Records to use:
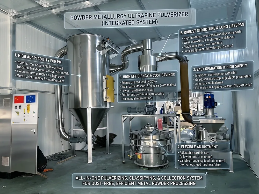 Le pulvérisateur ultrafin pour la métallurgie des poudres est un équipement spécialisé développé spécifiquement pour l'industrie de la métallurgie des poudres. Il est principalement utilisé pour le traitement ultrafin des poudres métalliques, des poudres d'alliage et de diverses matières premières en poudre non métalliques, et peut parfaitement s'adapter aux exigences de traitement des matières premières de l'ensemble du processus de production de la métallurgie des poudres. Comparé aux équipements de concassage ordinaires, la caractéristique la plus importante du pulvérisateur ultrafin de métallurgie des poudres est son adhésion aux normes strictes de l'industrie de la métallurgie des poudres, qui peut contrôler avec précision la taille des particules de la poudre, assurer une distribution uniforme des particules et éviter complètement la pollution secondaire, garantissant la haute pureté de la poudre finie et répondant pleinement aux exigences fondamentales des processus de formage, de frittage et autres ultérieurs.
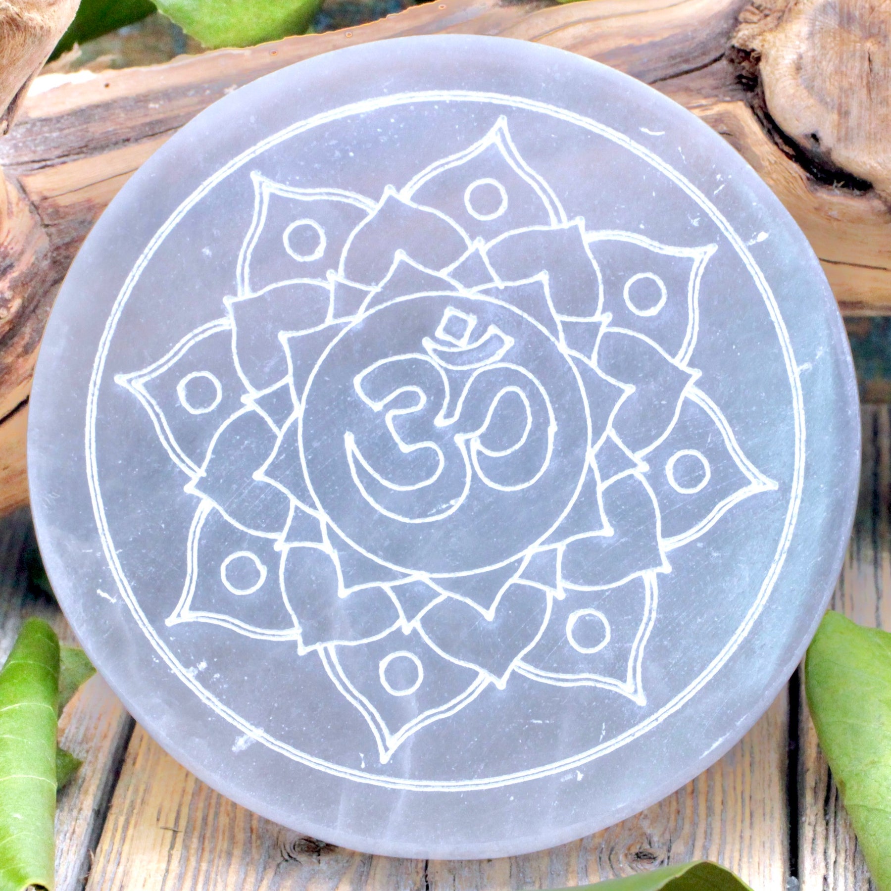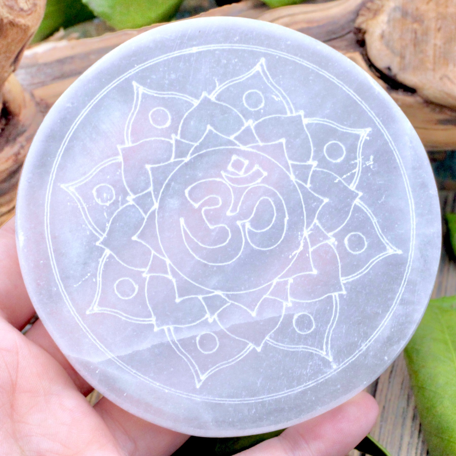 Immerse yourself in tranquility all day long with this elegant Selenite Om Charging Plate. This enchanting gem acts as a perfect channel to capture the profound energy of Selenite, enabling you to fully experience its remarkable essence.
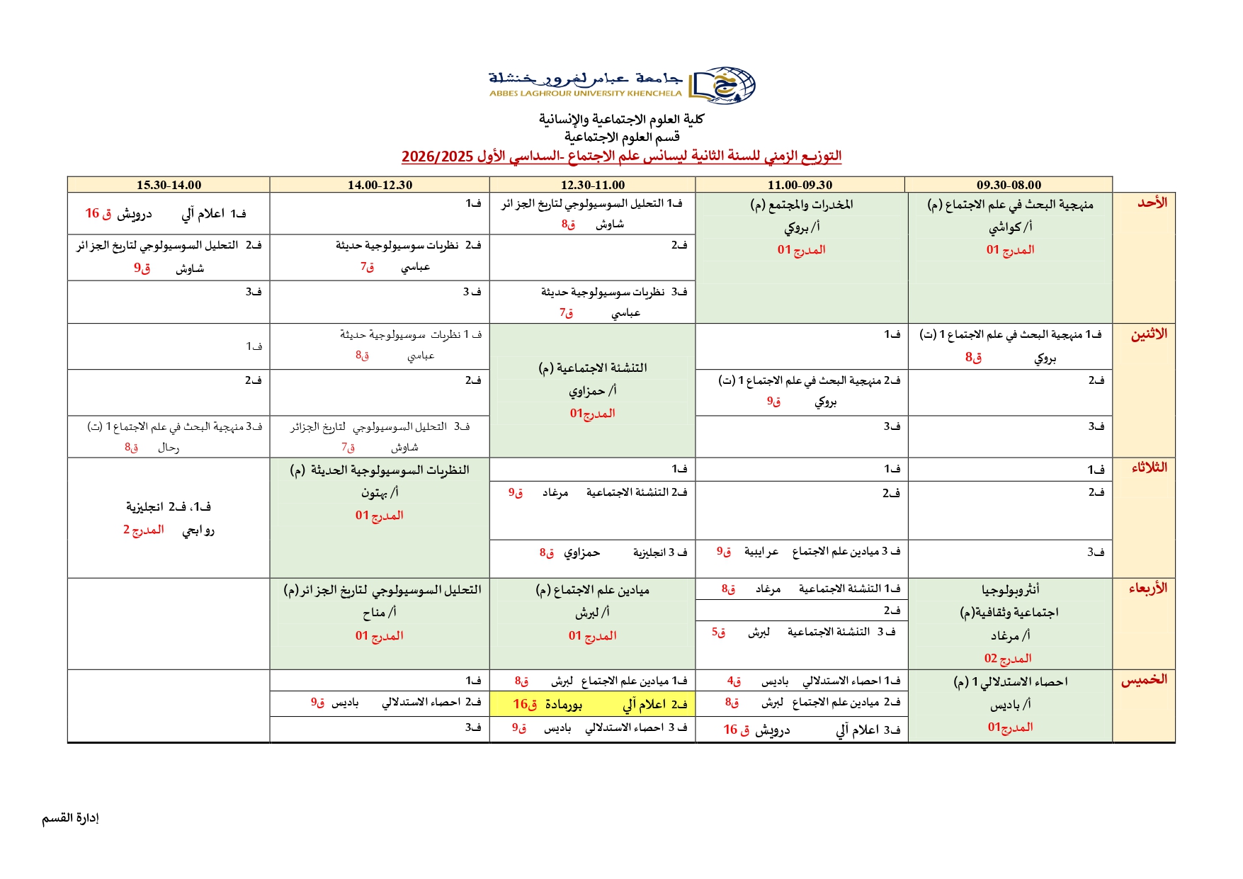 توزيع-زمني-قسم العلوم الاجتماعية -ل2
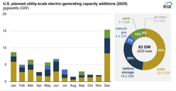 Battery energy storage is also seeing remarkable growth, complementing the rise in solar power. In 2024, a record 10.3 GW of grid-scale storage was installed. The EIA forecasts an even larger increase for 2025, with 18.2 GW of new battery storage capacity, representing a 70% growth from the 26 GW accumulated by the end of 2024. This follows a 66% increase in 2024. California hosts about half of the country’s grid-scale storage capacity.
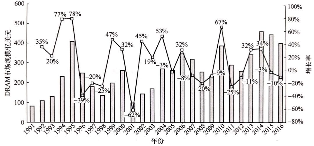 (2)频繁爆发价格战。比如从1994年开始,日韩之间不到10年就爆发了三次大规模的DRAM价格战,多次出现“生产一片亏损一片”的局面。
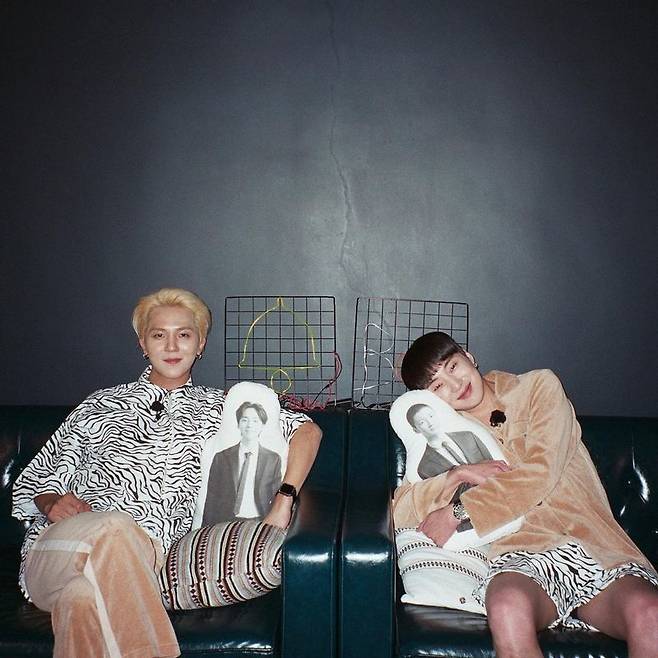 공개된 사진 속 강승윤은 송민호와 소파에 앉아 미소를 지으며 훈훈함을 자아냈다. 또 같은 위너 멤버 김진우, 이승훈 인형 쿠션이 시선을 끌었다.
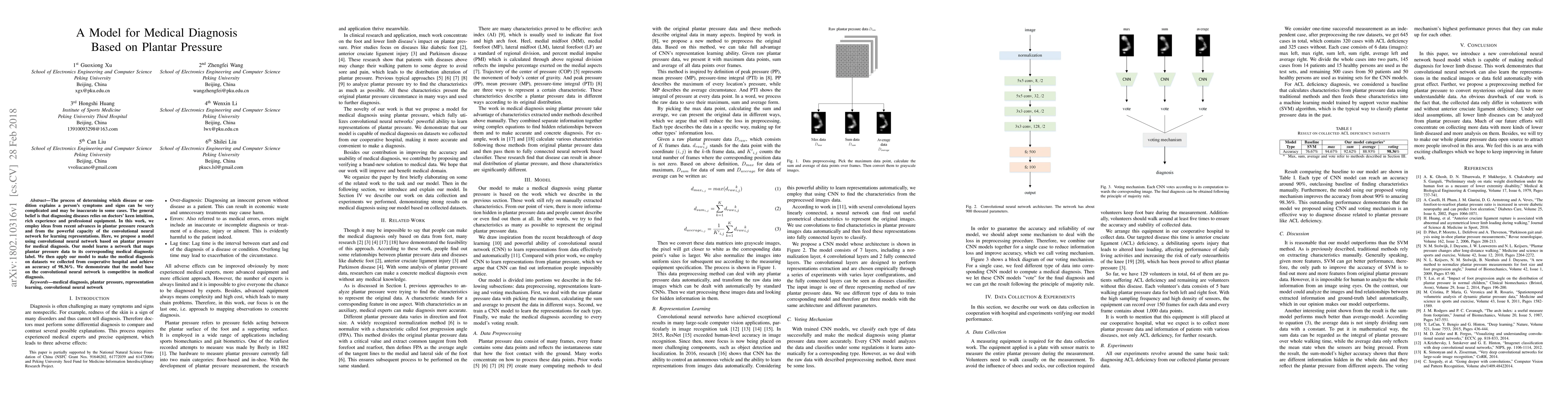 This paper proposes a convolutional neural network model for medical diagnosis based on plantar pressure data, achieving 98.36% accuracy on a hospital dataset. The model demonstrates the potential of using advanced neural networks to improve the accuracy and efficiency of medical diagnoses.
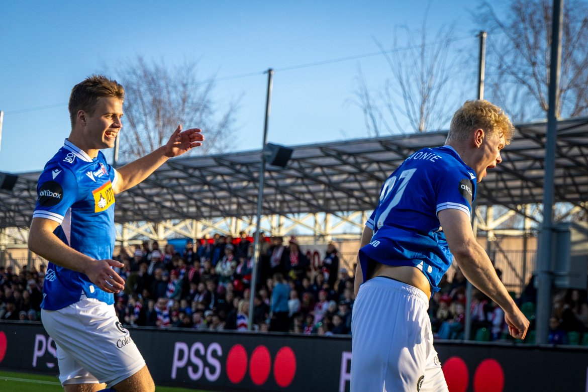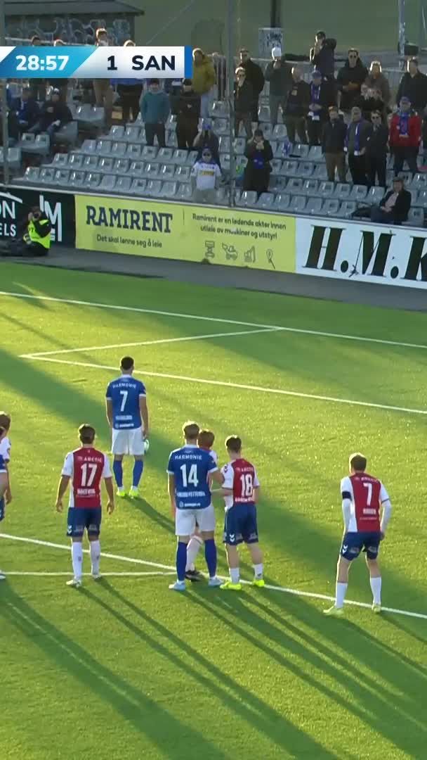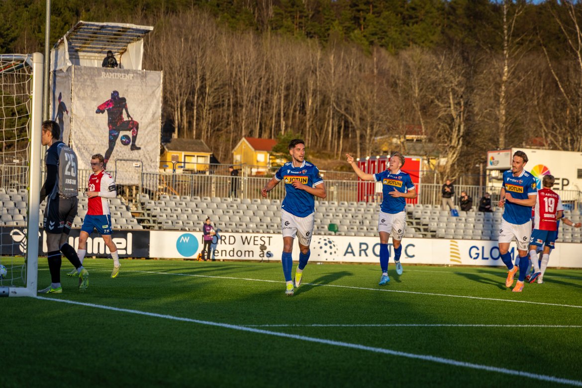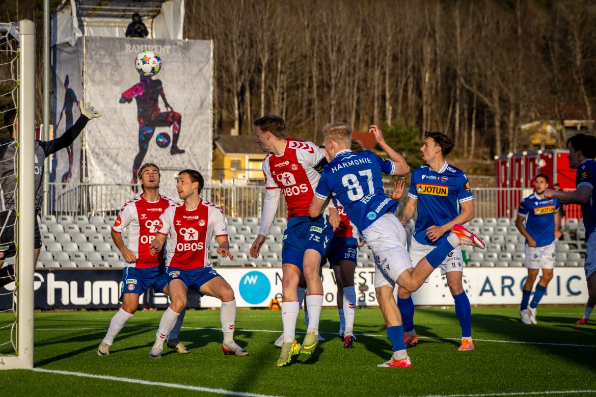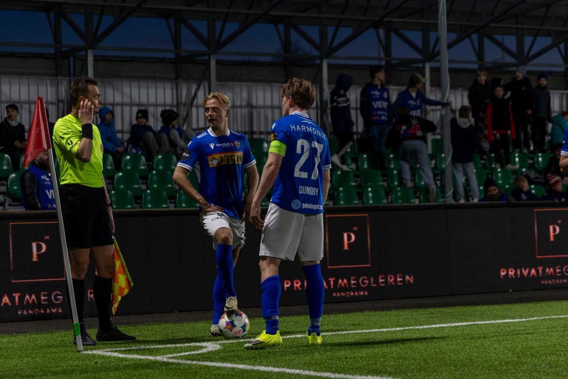 Det hele startet veldig godt, og allerede etter fire minutter utnyttet vi et hjørnespark til det fulle. Jakob Vester steg til værs og headet sikkert inn årets første mål!
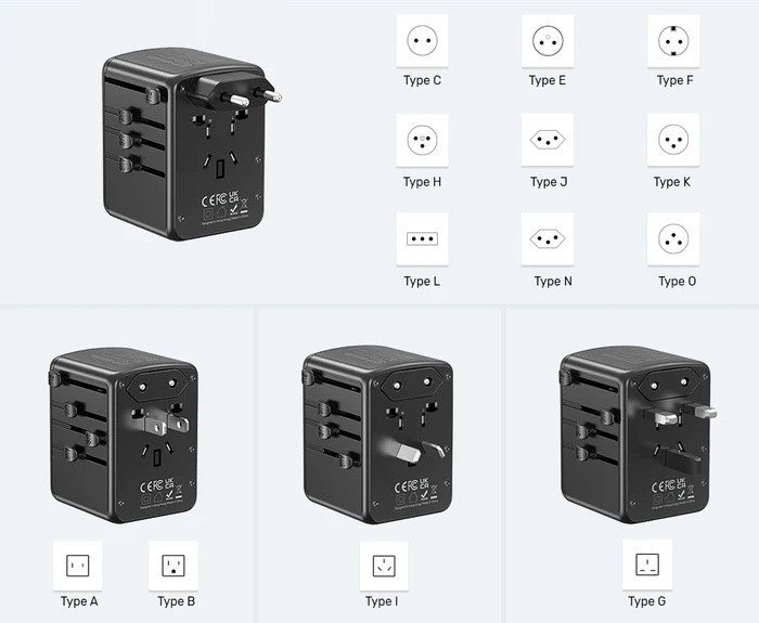 Adaptador de viaje universal de 35 W de UNITEK con 2 puertos de carga USB-C PD (máximo de 35 W) y 3 puertos de carga USB-A 3.0 (máximo de 12 W) que pueden cargar hasta 5 dispositivos simultáneamente. Es ideal para viajes, viajes de negocios o para estudiar en el extranjero. Los enchufes de viaje integrados se pueden utilizar en más de 200 países de todo el mundo.
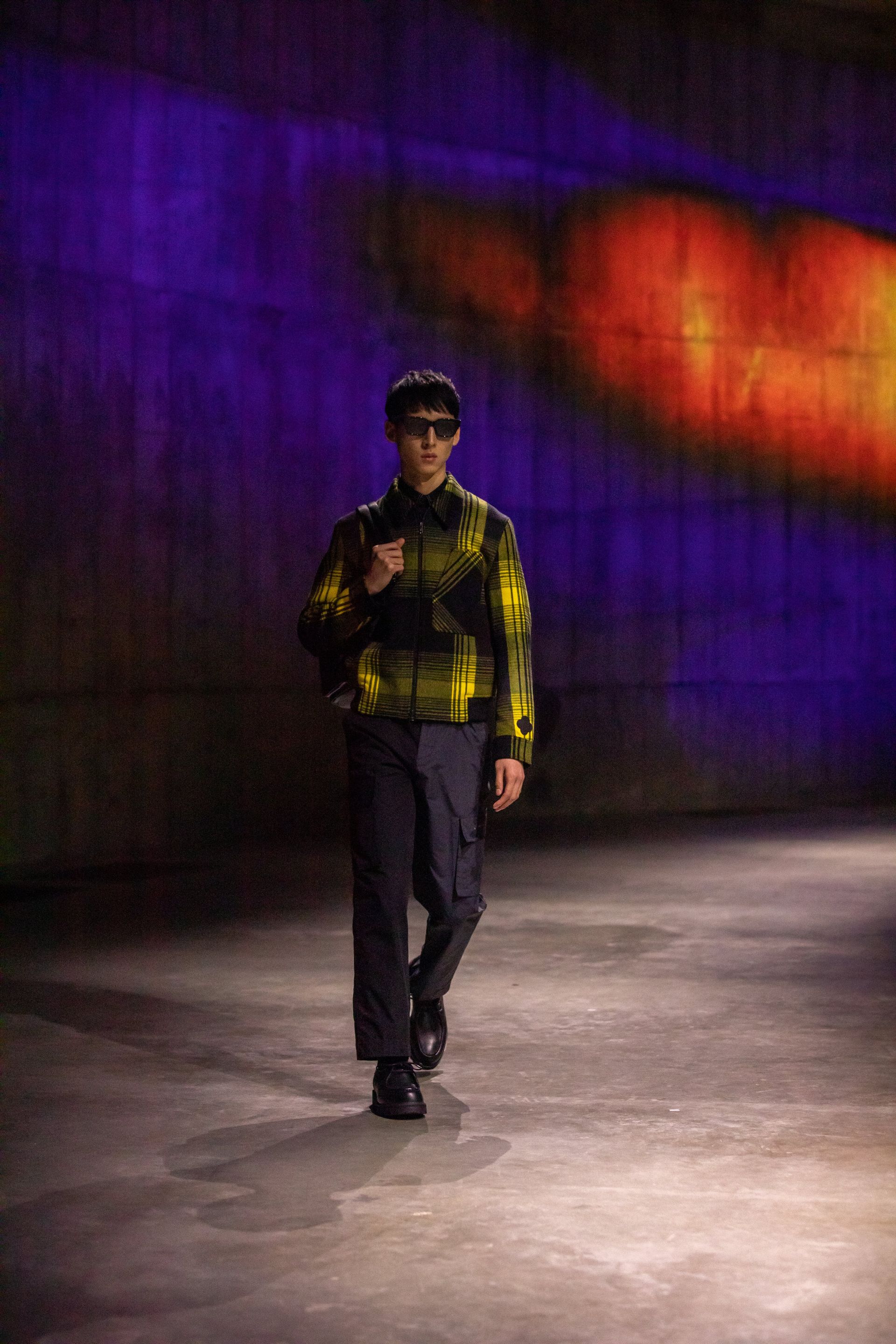 Dzięki projekcjom kolorów i animacji na powierzchniach ogromnej kolistej przestrzeni, goście zostali natychmiast wprowadzeni w sam środek porywającej instalacji, inspirowanej cyklem życia motyli. Poeta i artysta James Massiah skomponował dedykowaną oprawę dźwiękową, związaną z przewodnią ideą kolekcji. Kalejdoskopowe formy stały się tłem dla modeli i zabrały gości w podróż, której celem jest metamorfoza. Massiah, przemierzając wybieg wokół publiczności, na żywo recytował słowa, które zostały narracją wieczoru.
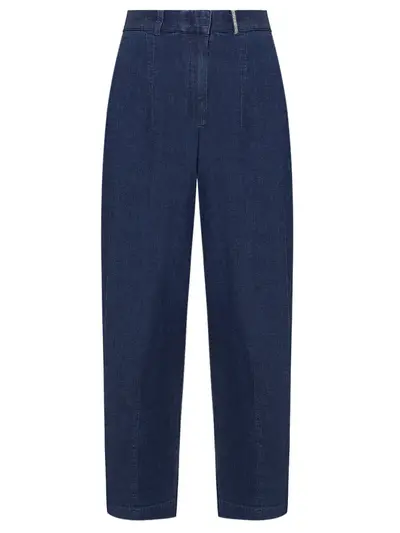 -Синие укороченные джинсы из хлопка от PANICALE. -Модель прямого кроя длины 7/8 со стандартной посадкой, поясом со шлевками, прорезными карманами, застежкой на молнию, декором цепочками Мониль.

Task statement: Before writing out the material above, please remove its pictures; everything else stays exact.

Output of the exercise:
 Le pulvérisateur ultrafin pour la métallurgie des poudres est un équipement spécialisé développé spécifiquement pour l'industrie de la métallurgie des poudres. Il est principalement utilisé pour le traitement ultrafin des poudres métalliques, des poudres d'alliage et de diverses matières premières en poudre non métalliques, et peut parfaitement s'adapter aux exigences de traitement des matières premières de l'ensemble du processus de production de la métallurgie des poudres. Comparé aux équipements de concassage ordinaires, la caractéristique la plus importante du pulvérisateur ultrafin de métallurgie des poudres est son adhésion aux normes strictes de l'industrie de la métallurgie des poudres, qui peut contrôler avec précision la taille des particules de la poudre, assurer une distribution uniforme des particules et éviter complètement la pollution secondaire, garantissant la haute pureté de la poudre finie et répondant pleinement aux exigences fondamentales des processus de formage, de frittage et autres ultérieurs.
 Immerse yourself in tranquility all day long with this elegant Selenite Om Charging Plate. This enchanting gem acts as a perfect channel to capture the profound energy of Selenite, enabling you to fully experience its remarkable essence.
 توزيع-زمني-قسم العلوم الاجتماعية -ل2
 Battery energy storage is also seeing remarkable growth, complementing the rise in solar power. In 2024, a record 10.3 GW of grid-scale storage was installed. The EIA forecasts an even larger increase for 2025, with 18.2 GW of new battery storage capacity, representing a 70% growth from the 26 GW accumulated by the end of 2024. This follows a 66% increase in 2024. California hosts about half of the country’s grid-scale storage capacity.
 (2)频繁爆发价格战。比如从1994年开始,日韩之间不到10年就爆发了三次大规模的DRAM价格战,多次出现“生产一片亏损一片”的局面。
 공개된 사진 속 강승윤은 송민호와 소파에 앉아 미소를 지으며 훈훈함을 자아냈다. 또 같은 위너 멤버 김진우, 이승훈 인형 쿠션이 시선을 끌었다.
 This paper proposes a convolutional neural network model for medical diagnosis based on plantar pressure data, achieving 98.36% accuracy on a hospital dataset. The model demonstrates the potential of using advanced neural networks to improve the accuracy and efficiency of medical diagnoses.
 Det hele startet veldig godt, og allerede etter fire minutter utnyttet vi et hjørnespark til det fulle. Jakob Vester steg til værs og headet sikkert inn årets første mål!
 Adaptador de viaje universal de 35 W de UNITEK con 2 puertos de carga USB-C PD (máximo de 35 W) y 3 puertos de carga USB-A 3.0 (máximo de 12 W) que pueden cargar hasta 5 dispositivos simultáneamente. Es ideal para viajes, viajes de negocios o para estudiar en el extranjero. Los enchufes de viaje integrados se pueden utilizar en más de 200 países de todo el mundo.
 Dzięki projekcjom kolorów i animacji na powierzchniach ogromnej kolistej przestrzeni, goście zostali natychmiast wprowadzeni w sam środek porywającej instalacji, inspirowanej cyklem życia motyli. Poeta i artysta James Massiah skomponował dedykowaną oprawę dźwiękową, związaną z przewodnią ideą kolekcji. Kalejdoskopowe formy stały się tłem dla modeli i zabrały gości w podróż, której celem jest metamorfoza. Massiah, przemierzając wybieg wokół publiczności, na żywo recytował słowa, które zostały narracją wieczoru.
 -Синие укороченные джинсы из хлопка от PANICALE. -Модель прямого кроя длины 7/8 со стандартной посадкой, поясом со шлевками, прорезными карманами, застежкой на молнию, декором цепочками Мониль.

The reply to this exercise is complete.